G-protein sensitivity of ligand binding to human dopamine D(2) and D(3) receptors expressed in Escherichia coli: clues for a constrained D(3) receptor structure.

Human dopamine D(2) and D(3) receptors were expressed in Chinese hamster ovary (CHO) and Escherichia coli cells to compare their ligand binding properties in the presence or absence of G-proteins and to analyze their ability to interact with G(i/o)-proteins. Binding affinities of agonists (dopamine, 7-OH-DPAT, PD128907, lisuride) and antagonists/inverse agonists (haloperidol, risperidone, domperidone, spiperone, raclopride, nemonapride), measured using [(125)I]iodosulpride and [(3)H]7-OH-DPAT, were similar for hD(3) receptors in E. coli and CHO cell membranes. Both agonists and antagonists showed 2- to 25-fold lower binding affinities at hD(2) receptors in E. coli versus CHO cell membranes (measured with [(3)H]spiperone), but the rank order of potencies remained similar. Purported inverse agonists did not display higher affinities for G-protein-free receptors.

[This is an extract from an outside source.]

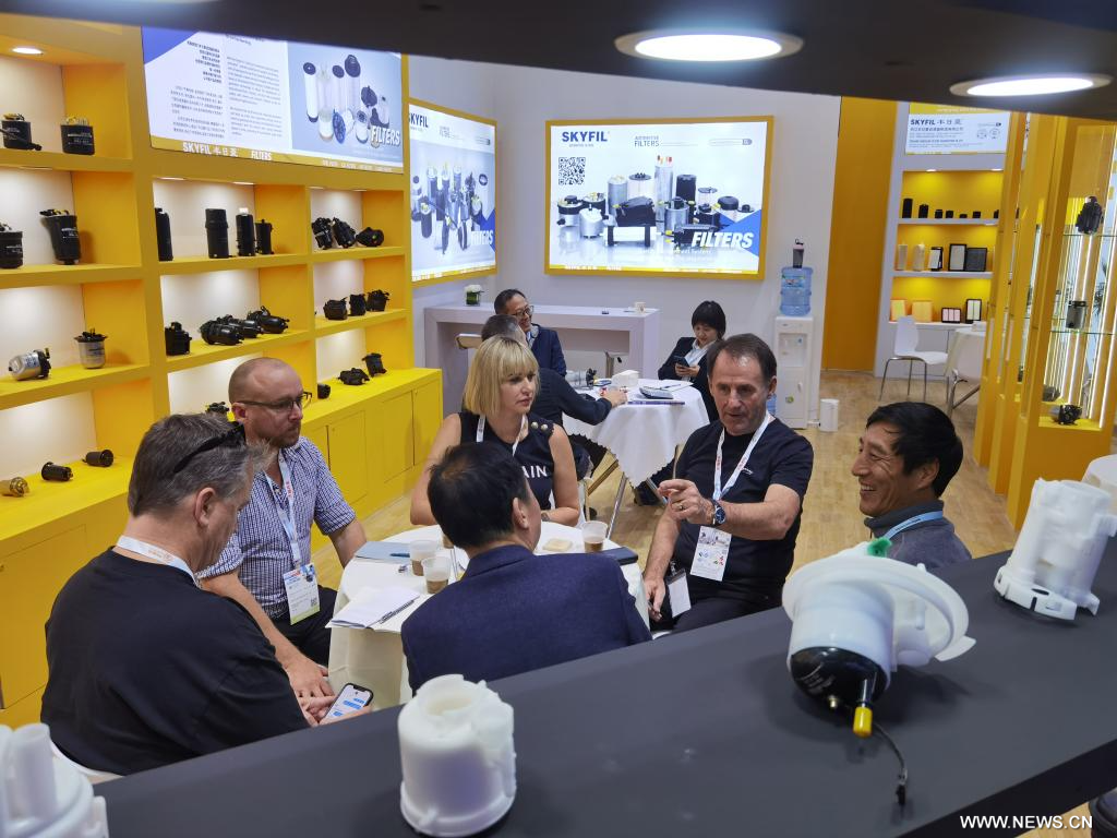 شانغهاي أول نوفمبر 2023 (شينخوا) في الصورة الملتقطة يوم 29 نوفمبر 2023، زوار يتجولون في معرض شانغهاي التجاري الدولي لموردي قطع غيار السيارات والمعدات والخدمات في شانغهاي بشرق الصين. وتجتمع أكثر من 5600 شركة من داخل الصين وخارجها في شانغهاي للمشاركة في المعرض.

In CHO membranes, GppNHp decreased high affinity agonist ([(3)H]7-OH-DPAT) binding at hD(2) receptors but not at hD(3) receptors. Also, [(3)H]7-OH-DPAT (nanomolar concentration range) binding was undetectable at hD(2) but clearly measurable at hD(3) receptors in E. coli membranes. Addition of a G(i/o)-protein mix to E. coli membranes increased high affinity [(3)H]7-OH-DPAT binding in a concentration-dependent manner at hD(2) and hD(3) receptors; this effect was reversed by addition of GppNHp. The potency of the G(i/o)-protein mix to reconstitute high affinity binding was similar for hD(2) and hD(3) receptors. Thus, agonist binding to D(3) receptors is only slightly affected by G-protein uncoupling, pointing to a rigid receptor structure. Furthermore, we propose that the generally reported lower signaling capacity of D(3) receptors (versus D(2) receptors) is not due to its lower affinity for G-proteins but attributed to its lower capacity to activate these G-proteins.